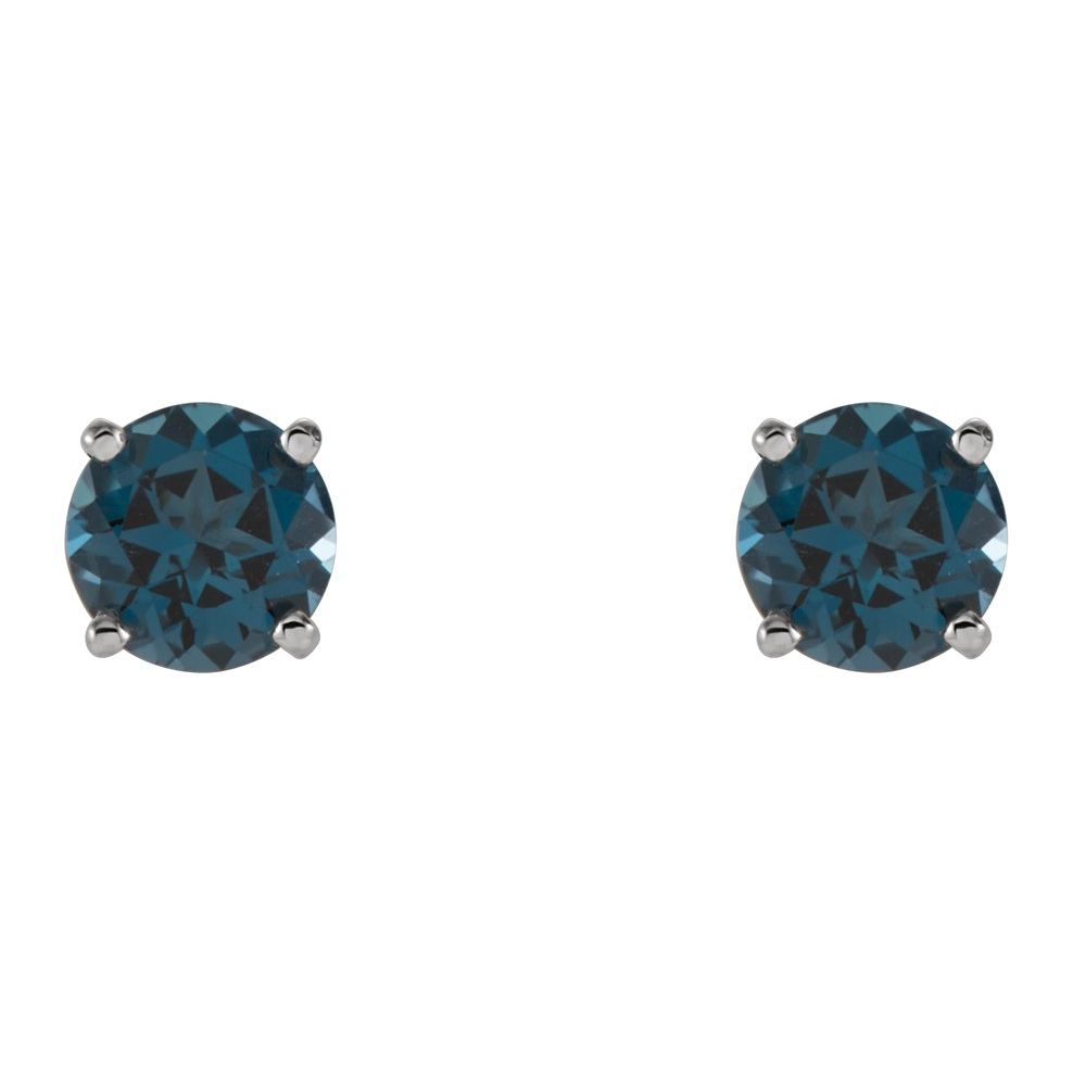 14k White Gold 5 mm Natural London Blue Topaz Stud Earrings
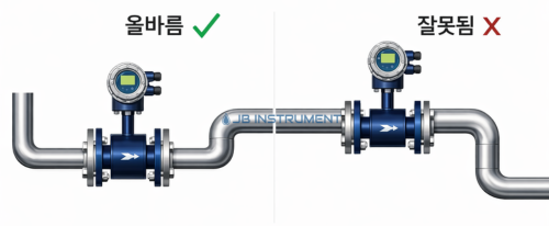 직관부 거리 확보: 부분적으로 개방된 밸브의 하류에 유량계를 설치할 때는 밸브로부터 최소 $10D$ 이상의 직선 파이프 구간(직관부)을 확보해야 합니다.
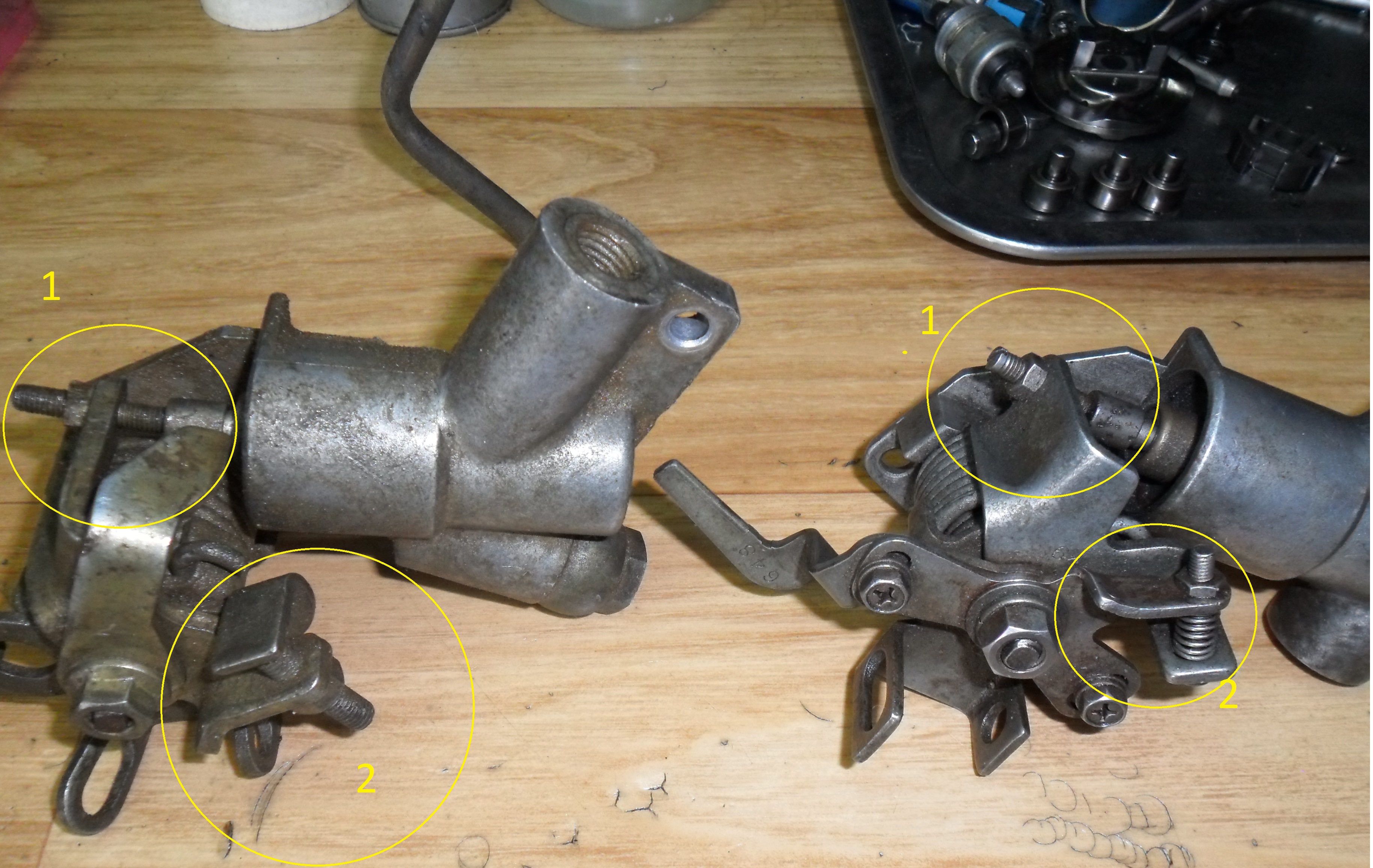Центральный винт под №1, его трогать нельзя, он настраивается на стенде.Отважный писал(а):Спасибо, автомат холостого хода и в правду не. отрегулирован. Сначала он вообще не ш реагировал на нагрев мотора, потом. отмачив вдшкой начал шевелиться. заметил положение в холодном и горячем состоянии. Оно разное. В холодном не дожимает до. гашетки где то 3-4 мм. Надо смещать. А в какой последовательности регулировать? Сначала рычаг автомата или рычаг газа который в автомат упирается? И как отрегулировать угол впрыска (который 2 град.. меняет) центральным винтом на автомате? форум читал, но как то все. кучно описано, не понял единой схемы. Вы не поделитесьrover писал(а):Упирается в рычаг подтяга кандёра, или не правильно отрегулирован автомат холодного пуска, можетОтважный писал(а):А у меня рычаг газа вообще не упирается в болл., а обороты 850. Это же не нормально? Кто подскажет, за счет чего тогда у меня обороты держатся?
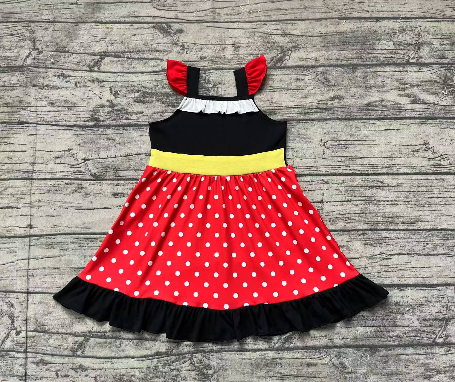 Baby Girl Short Sleeves Princess Dots Knee Length Dress RTS
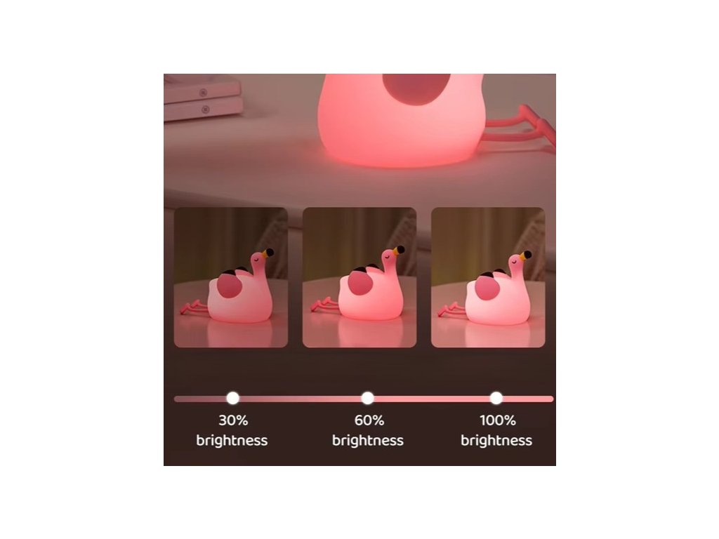 Ez a bájos, szilikonból készült flamingó alakú lámpa tökéletes kiegészítő a gyerekszobába vagy a hálószobába. Háromféle fényerősségű, meleg sárga fényt biztosít, amely segít megteremteni a nyugodt, pihentető hangulatot elalvás előtt. A lámpa élelmiszeripari minőségű, BPA-mentes szilikonból és ABS anyagból készült, így a legkisebbek számára is biztonságos. Aranyos formája miatt remek társ a gyerekszobába, de egyben kedves és stílusos dekoráció is.
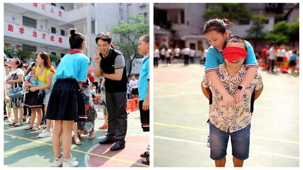 “我是你的眼”互动环节,爸爸们的眼睛全部用红领巾蒙住,背着孩子由孩子指路投球。虽然爸爸们汗流浃背,但个个脸上洋溢着灿烂的笑容,此时最好的表达莫过于“爸爸,你把我养大,我陪你到老”、“你老了我就是你的眼”、“爸爸,我爱你”......
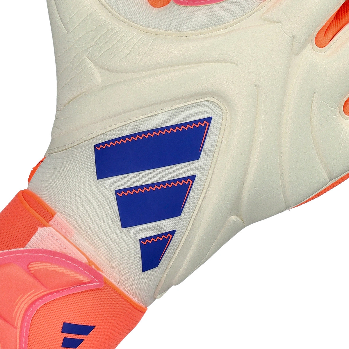 Guanti da portiere Copa Pro della marca adidas e disponibili nella colorazione Off white-Lucid blue-Signal coral, Modello per adulti con taglio negativo.
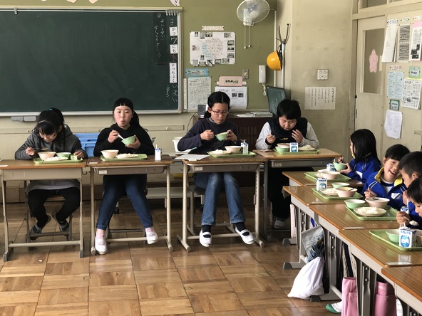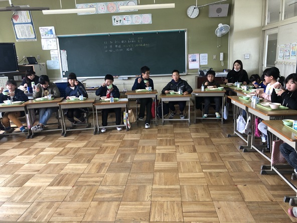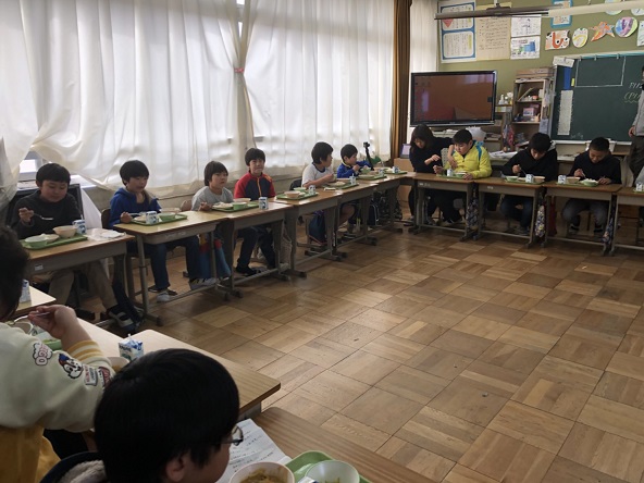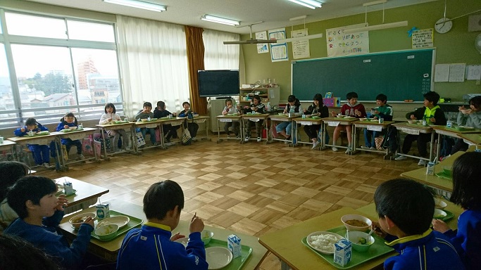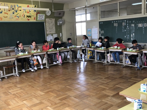 3/9(金)「6年生お別れ給食」が行われ、縦割り班で給食を食べました。
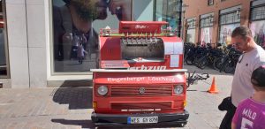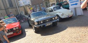 Am 27. April 2025 fuhren wir nach Bocholt, da dort das Stadtfest „Bocholt Blüht“ stattfand, mit Oldtimertreff und verkaufsoffener Sonntag. Wir fuhren richtig unser bekannten Aldi-Parkplatz in der Nähe des Bocholter Einkaufszentrum, den wir schon mal als geheimtipp zum Parken am Sonntag kennengelernt haben. Allerdings fanden wir diesmal schon kurz davor an Strassenrandparkplätze einen guten platz. Von da gingen wir dann nach Bocholt Innenstadt, was nur wenige Gehminuten weg war. Auf dem Platz des Einkaufszenters waren jede Menge alte Feuerwehrwagen ausgestellt und dort stand auch ein Leiterwagen, der ausgefahren war. Kurz danach standen auch schon die ersten Oldtimer. Gerade als wir da standen, kam unter anderem eine alte silberne Cobra an. Wir gingen weiter richtung Marktplatz, in der Stadt war verkaufsoffener Sonntag, aber nichts weiter besonderes aufgebaut. Auf dem Marktplatz am Rathaus dann, gab es eine Bühne wür die Oldtimer, die da ankamen, sowie einen Currywurst und einen Bierstand. Auf dem Platz an unserem ehemaligem lieblingskonditor an der Kirche stand auch alle svoller Oldtimer, darunter auch zwei alte Mustangs (66er und 67er Baujahr). In der Seitenstraße dann standen Oldtimer, die zum Verkauf dort standen, unter anderem zwei alte VW-Bulis. Die Hauptstraße am Konditor vorbei weiter stand ebenfalls alles voller Oldtimer und auch links rum gings weiter. Wir sahen unter anderem auch ein replika eines alten Bughattis, sowie das original etwas weiter, auf dass wir von einer Person, die uns dass gesagt hat aufgeklärt wurden. Auch ein paar Enten und eine alte Corvette war dort. Zwischendurch sahen wir zwei leute, die mit einer Drohne das ganze Spektakel filmten. Irgendwann wurde ndann klar: Es war mehr für mich ein oldtimer Treffen, als für Tani ein Stadtfest mit Bier und Wein. Irgendwann entschieden wir uns zum einzigen Stand mit was zu Essen zu gehen und uns jeweils eine Currywurst mit Pommes zu holen. Wir setzten uns an einem Tisch, leider gab es extremst viele kleine Gewitterfliegen, die uns das Essen erschwerten. Zu uns, bzw. gegenüber von uns setzte sich ein älterer Herr in Rennjacke und sprach ein wenig mit uns. Mir kam er erstmal leicht verrückt vor. Er war wohl Rennfahrer, unter anderem auch in der Formel eins und meinte, dieses Oldtimertreffen mit zu sponsoren. Auch sagte er, dass er mit einem Wagen, an der Sparkasse steht, einem Morgan. Dieses Fahrzeug sieht wie ein Oldtimer vond er Form her aus, war aber Baujahr 2024 und hatte BMW Technik drinnen, was man auch an dem Automatikschaltknüppel sah. Das Auto hatte ich tatsächlich zu beginn dort gesehen und auch die BMW Technik erkannt, was mir dann bestätigt wurde. Wir redeten ein wenig mit Ihm und gingen dann weiter. An der Sparkasse trafen wir Ihn an seinem Wagen wieder, was bewies, dass es wirklich sein er war. Er zeigte mir kurz den Motor und hatte den zuvor auch mal gestartet. Wir wechselten ein paar Worte, bevor Tani und ich dann nach Peek und Cloppenburg gingen, wo sich Tani ein Kleid aussuchte, für eine Hochzeit, auf die Sie eingeladen war. Sie fand auch ein Blaues, was Sie mitnahm. Wir gingen noch kurz nach DM, wo wir was zu trinken holten (die haben dort einen leckeren natürlichen Eistee im Tetrapack), sowie kuhtipps, die Tani brauchte. Danach gingen wir zum Auto und fuhren heimwärts. Wetter und alles war perfekt.

****************************************

* **Try it**
Reproduce the opening lines of the material above exactly, ending with the line that contains "Baby Girl Short". Omit every picture.

* **Task answer**
 14k White Gold 5 mm Natural London Blue Topaz Stud Earrings
 직관부 거리 확보: 부분적으로 개방된 밸브의 하류에 유량계를 설치할 때는 밸브로부터 최소 $10D$ 이상의 직선 파이프 구간(직관부)을 확보해야 합니다.
Центральный винт под №1, его трогать нельзя, он настраивается на стенде.Отважный писал(а):Спасибо, автомат холостого хода и в правду не. отрегулирован. Сначала он вообще не ш реагировал на нагрев мотора, потом. отмачив вдшкой начал шевелиться. заметил положение в холодном и горячем состоянии. Оно разное. В холодном не дожимает до. гашетки где то 3-4 мм. Надо смещать. А в какой последовательности регулировать? Сначала рычаг автомата или рычаг газа который в автомат упирается? И как отрегулировать угол впрыска (который 2 град.. меняет) центральным винтом на автомате? форум читал, но как то все. кучно описано, не понял единой схемы. Вы не поделитесьrover писал(а):Упирается в рычаг подтяга кандёра, или не правильно отрегулирован автомат холодного пуска, можетОтважный писал(а):А у меня рычаг газа вообще не упирается в болл., а обороты 850. Это же не нормально? Кто подскажет, за счет чего тогда у меня обороты держатся?
 Baby Girl Short Sleeves Princess Dots Knee Length Dress RTS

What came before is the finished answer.